In [1]:
%autosave 15

Autosaving every 15 seconds


# i. Curse of Dimensionality

The **Curse of Dimensionality** refers to various phenomena that arise when analyzing and organizing data in high-dimensional spaces that do not occur in low-dimensional settings such as the three-dimensional physical space of everyday experience. It gives rise to following problems:

**i.** **Increase in Computation time:** Majority of the machine learning algorithms rely on the calculation of distances for model building and as the number of dimensions increases it becomes more and more **computation-intensive** to create a model out of it.


**ii.** **Hard (or almost impossible) to visualise the relationship between features:** We as humans are bound by the perception of a max of three dimensions. We can't comprehend things beyond three dimnesions. Say, we have 1000 features in the dataset. That results in a total (1000\*999)/2= 499500 combinations possible for creating the 2-D graph.

Questions that need to be asked at this point:

- Are all the features really contributing to decision making?
- Is there a way to come to the same conclusion using a lesser number of features?
- Is there a way to combine features to create a new feature and drop the old ones?
- Is there a way to remodel features in a way to make them visually comprehensible?

Dimensionality reduction techniques such as PCA, waltz in as our saviour.

# ii PCA (Principal Component Analysis).

**PCA (Principal Component Analysis)** is a dimensionality reduction technique -- not an elimination one -- using which we can reduce the number of features to be used for building the models without losing a significant meaning (or variation) of the data. 

**It essentially reduces the degree of freedom of the dataset avoiding chances of overfitting.** 

**General Idea:** Here in PCA, the general idea is to take couple of features at a time and workaroud them in such a way that they can be represented by lesser number of features without losing too much variation from the original dataset.

There are two approaches to implement PCA: 

- **SVD (Singular Value Decomposition)**: Here, PCA can be done by the singular value decomposition of a data matrix.


- **Eigen-decomposition of Σ**: PCA can be done by eigenvalue decomposition of a data covariance (or correlation) matrix.

## i.i Principal Components

**Principal Components** are **derived features which explain the maximum variance in the data**. The first component explains the maximum variance of the data, the second a bit less, and the third a bit lesser and it goes on and on.

Each of the new dimensions found using PCA is a linear combination of the old features.

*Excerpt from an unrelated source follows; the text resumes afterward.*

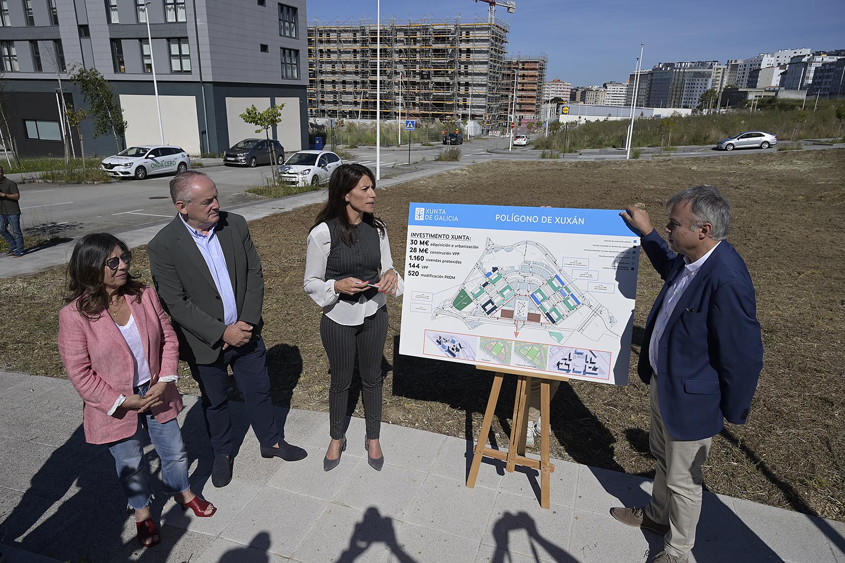 M. Allegue quiso destacar que dentro de este conjunto de 1.600 figuran 256 viviendas protegidas que levantarán dos cooperativas adjudicatarias de las 5 parcelas ofertadas por la Xunta en derecho de superficie por 50 y 60 años. Además, están previstas otras 520 viviendas en las parcelas para las que se solicitó la modificación del PGOM al Ayuntamiento y en ellas también hay previsión de construir vivienda de promoción pública.

## i.ii Steps involved in PCA implementing SVD

Let's have a look at how two features at a time can be represented by a single one i.e principal components, via PCA using SVD:

### Step i.
Straight off the bat, PCA is gonna standard normalize our data such that its mean=0 and s.d=1. This is also called  **Parallel Translation** or **Standardization**. **The main reason for normalization is to ensure that features with larger scales do not dominate the analysis, but in some cases this may not be a concern.**


### Step ii.
Now to find out a single feature representing two features at a time, PCA will find a **kinda "best fitted line"** representing features X1 and X2. **It finds the direction in which the data varies the most, and the line in that very direction will be our "first principal component"**. 

### Step iii. 
Now, to find out that best fitted line, PCA starts off with a line in any initial direction passing through the origin and **iteratively update it to converge to the first principal compomnent** by calculating the **"summission of squares of distances between the datapoints and their projections on those random lines"**. **Whichever line will have the least said distances computed altogether, will be finalized as the PC1.**

To ease up the calculations, instead of computing the distances between the projections and the datapoints, PCA calculates the distances of those projections from the origin and accordingly deems the PC1 the one with having the maximum said distance from the origin.

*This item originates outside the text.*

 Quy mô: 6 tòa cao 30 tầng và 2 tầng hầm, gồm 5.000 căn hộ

The variance of the data projected onto PC1, which is equal to the sum of squares of distances between the projections and the origin, is know as **Eigen Value for PC1**. Similarly, the eigenvalue for PC2 is the variance of the data projected onto PC2, and so on.

**Trivia**: Square root of Eigen Value for PC1 is referred as **Singular Value of PC1**.

### Step iv. 
Now to find out the **PC2**, a perpendicular plane to PC1 is being drawn through the origin, and quite similarly a plane perpendicular to both PC1 and PC2 will be our **PC3**, and this goes on and on.


### Step v. 
Now, the optimal number of PCs can be chosen based on the variance each PC accounts for. The graph representing the **explained variance ratios** each PC holds on to is referred to as **Scree Plot**.

The **"optimal number of PCs"** to retain depends on the **specific application** and **the desired trade-off between explained variance and dimensionality reduction**. 

**NOTE**: The **Scree Plot** can be a useful tool for visualizing the amount of variance explained by each PC, but it is not always clear where to set the cutoff. Other methods, such as cross-validation or information criteria, may be used to determine the optimal number of PCs.